Adequacy of vaccination coverage at school-entry:
Cross-sectional study in schoolchildren of an urban population

Laboratory of Hygiene, Aristotle University of Thessaloniki, Thessaloniki, Greece

OBJECTIVE The valid and accurate estimation of vaccination coverage in children enrolled in the first grade of primary school, in order to evaluate the completeness of the pre-school vaccination schedule.

METHOD Information was gathered from the official vaccination cards of children enrolled in all primary schools of the three municipalities that comprise the northern part of Thessaloniki metropolitan area. Specially designed report cards were completed by appropriate trained health professionals and teachers. Data concerning 972 of 1,250 children (77.76%) were analysed for this study. Results were assessed according to the method proposed by the Institute of Child Health during the panhellenic vaccination coverage research.

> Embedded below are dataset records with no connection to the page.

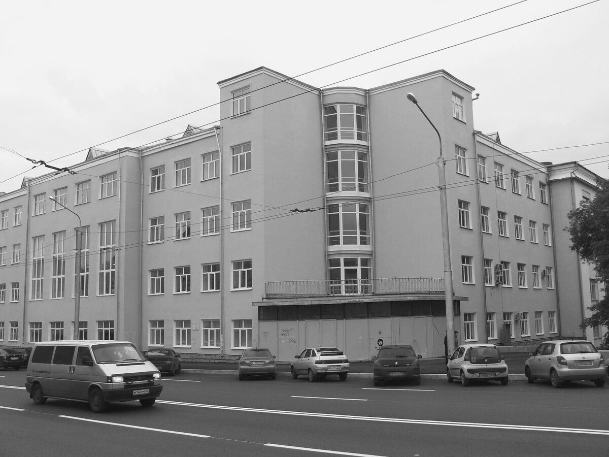 С левой стороны на значительное расстояние от фасада отстоит ризалит: этот приём обеспечил приращение площади для размещения двухсветного актового зала. Квадратные опоры ризалита, ставшие элементом монументального обрамления входа в здание, переходят в пилястры, ритмично поделившие остекление торжественного фасада актового зала. Правый ризалит, примыкающий вплотную к ранее существовавшей застройке, увеличил площадь той части здания, где разместили квартиры со всеми удобствами.
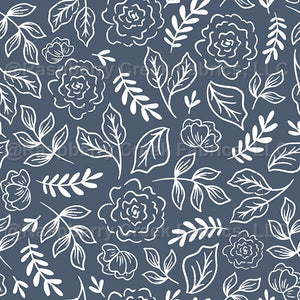 White sketchy flowers and leaves on blue background, ditsy florals, vintage blooms collection
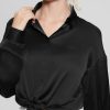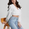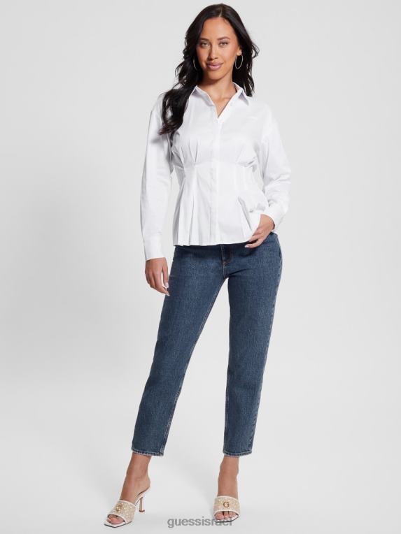 GUESS נשים חולצת מחוך אגטה עם שרוולים ארוכים F8RV1000 לבוש לבן טהור
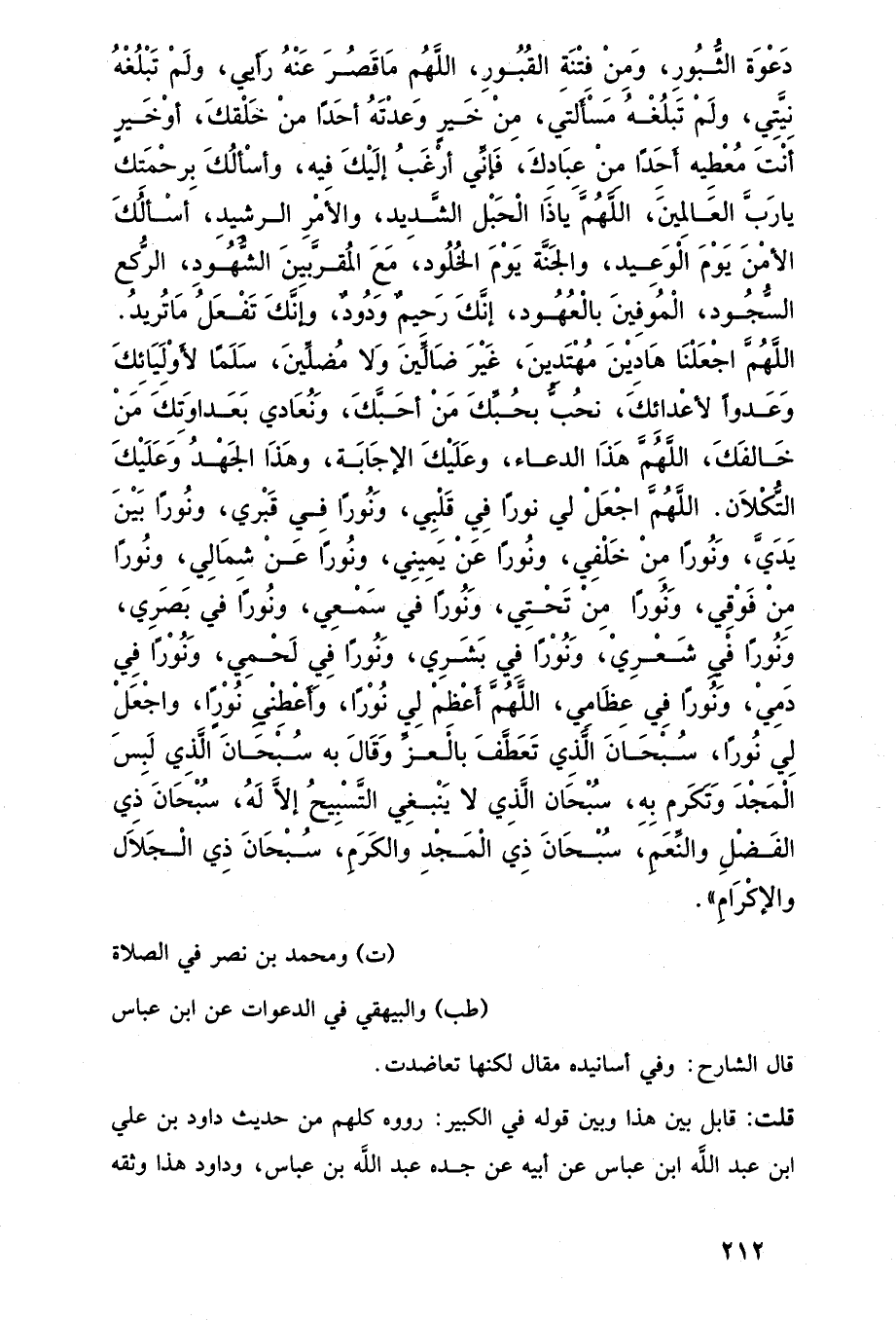 دَعْوَة الثُّبُورِ، وَمِنْ فتْنَة القُبُورِ، اللَّهُم مَا قَصُرَ عَنْهُ رَأيي، ولَمْ تَبْلُغْهُ نِيَّتِي، ولَمْ تَبلُغْهُ مَسْأَلتي، مِنْ خَير وَعدْتَهُ أحَدًا منْ خَلْقكَ، أوْ خَيرٍ أَنْتَ مُعْطِيه أَحَدًا منْ عِبَادكَ، فَإِنِّي أرْغَبُ إلَيْكَ فيه، وأسْألُكَ بِرحْمَتِك يا رَبَّ العَالِمينَ، اللَّهُمَّ ياذَا الْحَبْل الشَّديدِ، والأَمْرِ الرشيد، أسْألُكَ الأَمْنَ يَوْمَ الْوَعيد، والجَنَّة يَوْمَ الخُلُود، مَع المُقرَّبيِنَ الشُّهُودِ، الرُّكع السُّجُود، الْمُوفِينَ بالْعُهُود، إنَّكَ رَحيمٌ وَدُودٌ، وإنَّكَ تَفْعَلُ مَا تُريدُ. اللَّهُمَّ اجْعَلْنَا هَادِيْنَ مُهْتَدينَ، غَيْرَ ضَالِّينَ وَلا مُضلِّينَ، سَلَمًا لأَوْلِيَائِكَ وَعَدوًا لأعْدائِكَ، نحُبُّ بحُبِّكَ مَنْ أحَبَّكَ، وَنُعَادي بَعَداوَتِكَ مَنْ خَالفَكَ، اللَّهُمَّ هَذَا الدعاء، وعَلَيْكَ الإجَابَة، وهَذَا الجَهْدُ وَعَلَيْكَ التُّكْلَان. اللَّهُمَّ اجْعَلْ لي نورًا فِي قَلْبِي، وَنُورًا فِي قَبْري، ونُورًا بَيْنَ يَدَيَّ، وَنُورًا مِنْ خَلْفِي، ونُورًا عَن يَمِينِي، ونُورًا عَنْ شِمَالِي، ونُورًا مِنْ فَوْقِي، وَنُورًا مِنْ تَحْتِي، وَنُورًا في سَمْعِي، ونُورًا في بَصَرِي، وَنُورًا فْى شَعْرِي، وَنُوْرًا في بَشَرِي، وَنُورًا فِي لَحْمِي، وَنُوْرًا فِي دَمِي، وَنُورًا فِى عِظَامي، اللَّهُمَّ أَعْظِمْ لِي نُوْرًا، وَأَعْطِنْى نُوْرًا، واجْعَلْ لِي نُورًا، سُبْحَانَ الَّذِي تَعَطَّفَ بالْعزِّ وَقَالَ به سُبْحَانَ الَّذي لَبِسَ الْمَجْدَ وَتَكَرَم بِهِ، سُبْحَان الَّذِي لا يَنْبغِي التَّسْبِيحُ إلا لَهُ، سُبْحَانَ ذي الفَضْلِ والنِّعَمَ، سُبْحَانَ ذِي الْمَجْدِ والكَرَمِ، سُبْحَانَ ذِي الْجَلَال والإِكْرَامِ".
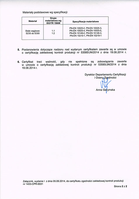 wg normy PN-EN 1090-2+A1:2012 IDT EN 1090-2:2008+A1:2011
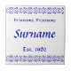 Viktorianska stil-familjens namn-bricka - blått på vitt med skrivarens gräns
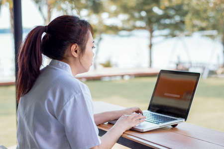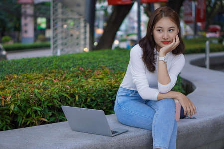Asian young woman or young student sitting with laptop outdoors, online learning concept.
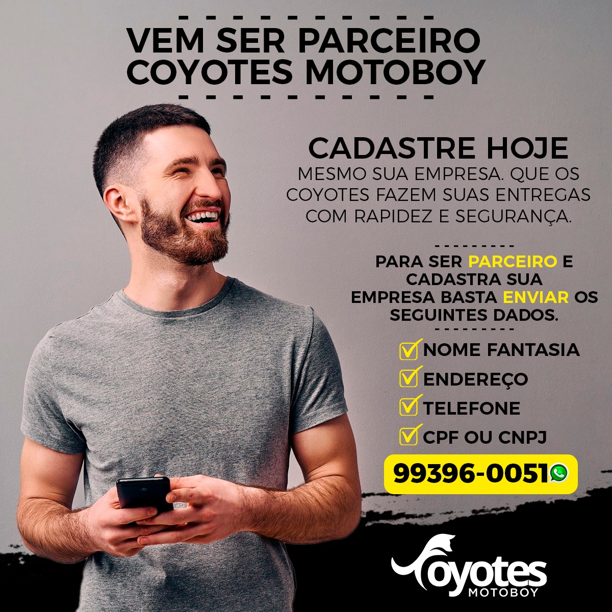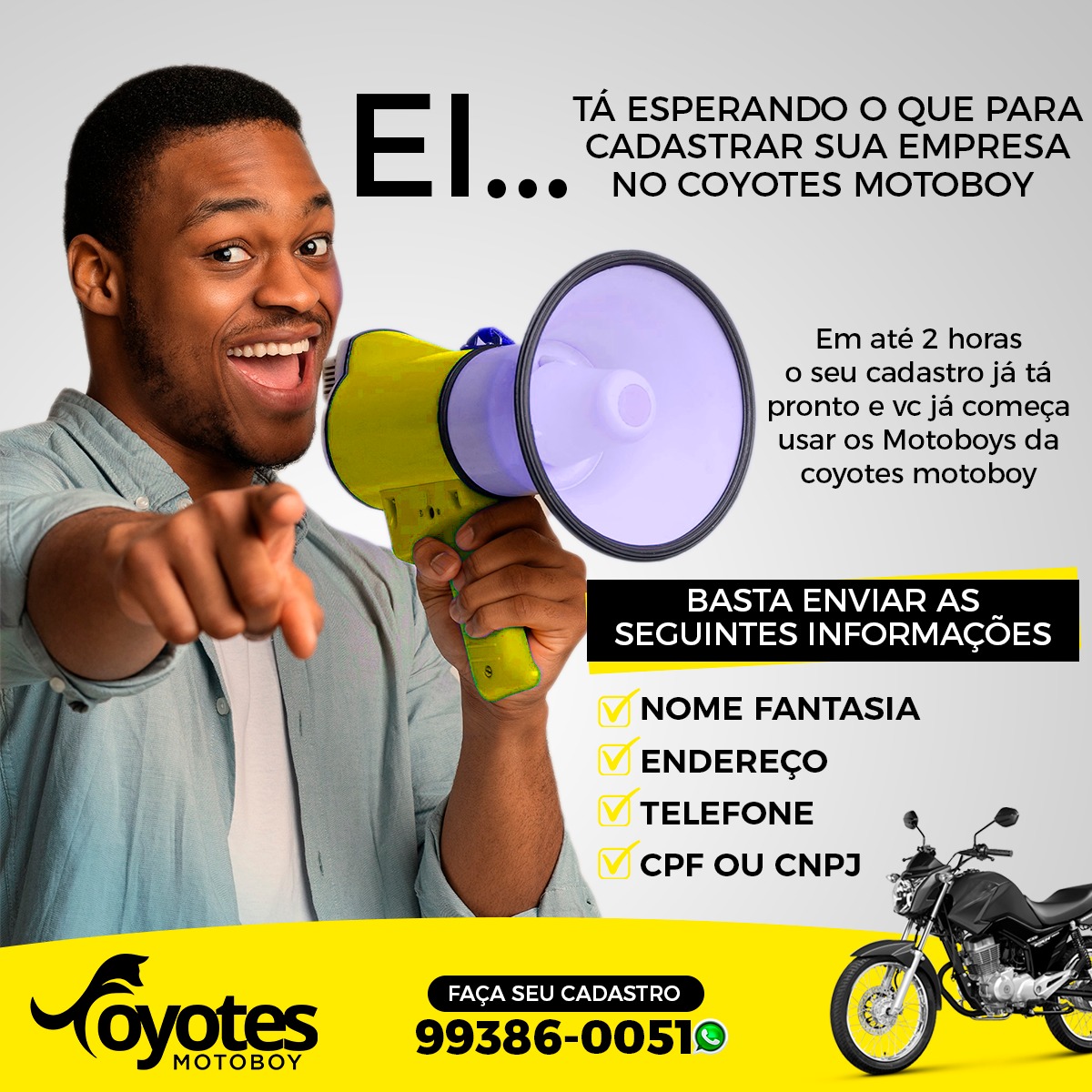 E se seu empreendimento ainda não utiliza dos recursos da Coyotes, agora você tem oportunidade. Faça o cadastro seguindo o passo a passo e em até duas horas o acesso é liberado. É fácil demais, veja como se cadastrar abaixo:

RESULTS The proportion of fully vaccinated children was only 23.3% (CI95%: 20.8-26.1%). Vaccination coverage of children under the age of 2 years, with 4 doses for diphtheria-tetanus, pertussis and poliomyelitis was respectively 71.6%, 67.4% and 74.3%; 5 doses of these vaccines had been given in 83.2%, 48.5% and 84.6% of the children respectively. By the age of 2 years a proportion of 75.7%, 71.2% and 71.5% had been vaccinated against measles, rubella and mumps, but the revaccinated percentages were only 38.5%, 33.4% and 33.9% respectively of the children older than 6 years. Finally, 74% of the children were covered by the hepatitis B vaccine, while 47.8% of the children were vaccinated against infection from Haemophilus influenzae.

CONCLUSIONS Comparing data from this study and the panhellenic vaccination coverage studies of 1998 and 2001, it could be concluded that our research population has a similar vaccination coverage, although timely vaccination coverage is gravely below the WHO vaccination targets. Surveillance of immunization through periodic reporting held in schools by the primary health services appears to provide an effective and accurate estimation of vaccination coverage. Motivation of the public health services and the school community can play a very important role in achieving effective herd immunity status and eliminating cases of vaccine preventable diseases.

Key words: Immunization, Primary health care, Schoolchildren, Vaccination coverage.